Federer sempre perseguiu o sonho de vencer os Jogos Olímpicos. E não deixou de tentar. Estreou-se em Sydney 2000 e disputou quatro edições das Olímpiadas. Ainda tentou uma quinta presença em Tóquio, em 2021, mas o joelho já não deixou. Em singulares, o melhor que conseguiu foi a prata, em 2012. Mas quatro anos antes tinha chegado ao lugar mais alto do pódio, vencendo o torneio de pares de Pequim ao lado de Stan Wawrinka.

Roland Garros, por fim

Era o Grand Slam que faltava a Roger Federer e era também há muito o quintal de Rafa Nadal, que tinha vencido o suíço nas três decisões anteriores de Roland Garros. Mas a saída de cena do espanhol, eliminado nos quartos de final por Robin Soderling, deixou o caminho mais desanuviado.

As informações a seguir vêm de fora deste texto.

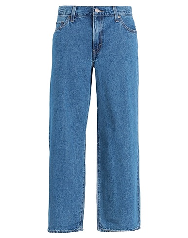 jeans gamba dritta, modello: baggy dad, denim, effetto delave, effetto consumato, tinta unita, brand logo, lavaggio medio, vita normale, vita con passanti, gamba ampia, regular fit, 1 bottone, chiusura con zip, cinque tasche, contiene parti non tessili di origine animale, questo brand veste piccolo
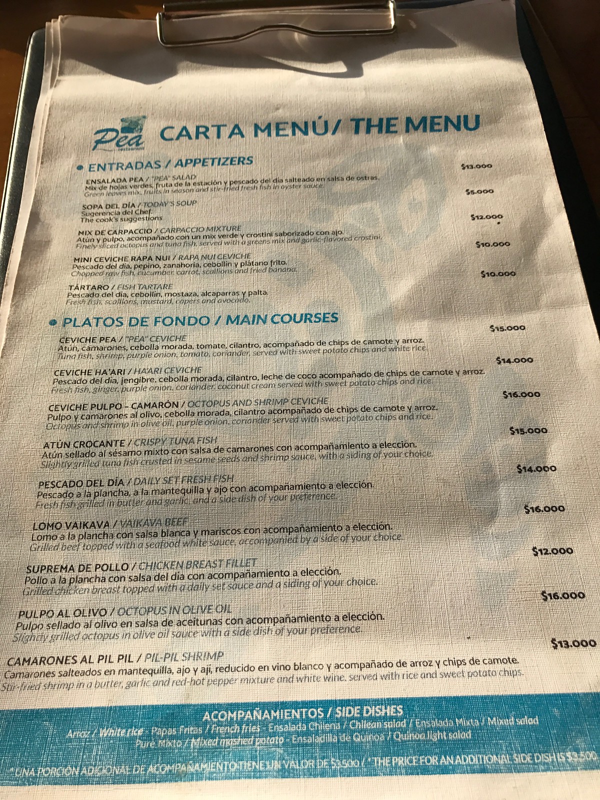 We had our last dinner of our 5 day, 4 night trip down at Pea in Hanga Roa where we started with the snacks on day one. The menu was mostly the easily obtainable fish; tuna, ceviches and other seafood items. Pea offered another open air dining experience with awe inspiring ocean views.
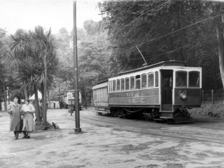 Laxey Station on the 24th of August 1954, with Car No.20 and 40 series Trailer paused waiting departure for Ramsey. © Website Collection
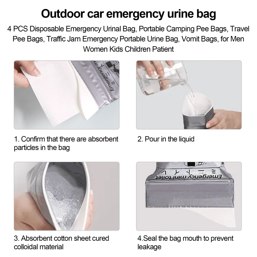 [Unisex design] 4 pack disposable urinal bags, unisex, suitable for (adult/child/elderly) use, used to relieve emergency urination, very suitable for traffic jams, babies, pregnant women or patients who need it.

E Federer venceu mesmo na terra batida francesa, batendo na final o carrasco de Nadal. Nesse ano, voltou a conquistar Wimbledon e a subir à liderança do ranking.

Desilusões e regressos para a lenda

Os melhores anos tinham passado, a idade e as lesões começavam a pesar e Novak Djokovic crescia e reclamava o seu lugar no topo. Federer venceu Wimbledon em 2012, mas perdeu as finais de 2014 e 2015 para o sérvio. Não vencia um Grand Slam há quatro anos e meio quando chegou à Austrália, em janeiro de 2017. Foi avançando, ele e Rafa Nadal, também a enfrentar as limitações da idade e do corpo. Chegaram ambos à final, venceu Federer, mas foi uma enorme vitória para os dois amigos e rivais de sempre. Em Melbourne, Federer contou como poucos meses antes, em outubro, aquilo parecia impensável para ambos: «Fui à abertura da academia dele e disse-lhe: ‘Era bom que pudéssemos fazer um jogo de caridade ou algo assim’. Mas eu só me aguentava numa perna e ele tinha a lesão no pulso. Estávamos a jogar mini-ténis com uns juniores e dissemos: «É o melhor que conseguimos fazer agora.»

Diga 20

Em 2017, Federer venceu Wimbledon pela oitava e última vez, sem perder um único set. E meio ano mais tarde festejou a vitória 20 em Grand Slams, de novo na Austrália e frente ao croata Marin Cilic. Era o primeiro a vencer 20 vezes um dos quatro maiores torneios do mundo. Em fevereiro de 2018 voltava a ser o número 1 do ranking, aos 36 anos. Ao todo foram 310 semanas no topo, 103 títulos. Wimbledon, em 2019, foi a sua última final de um Grand Slam, de novo ganha por Djokovic. Dois anos mais tarde, os quartos de final do torneio inglês representariam a despedida de Federer. Foi operado logo a seguir, em agosto de 2021, e não voltou a competir. Em julho de 2022, o nome de Roger Federer deixou de constar do raking mundial pela primeira vez em 25 anos.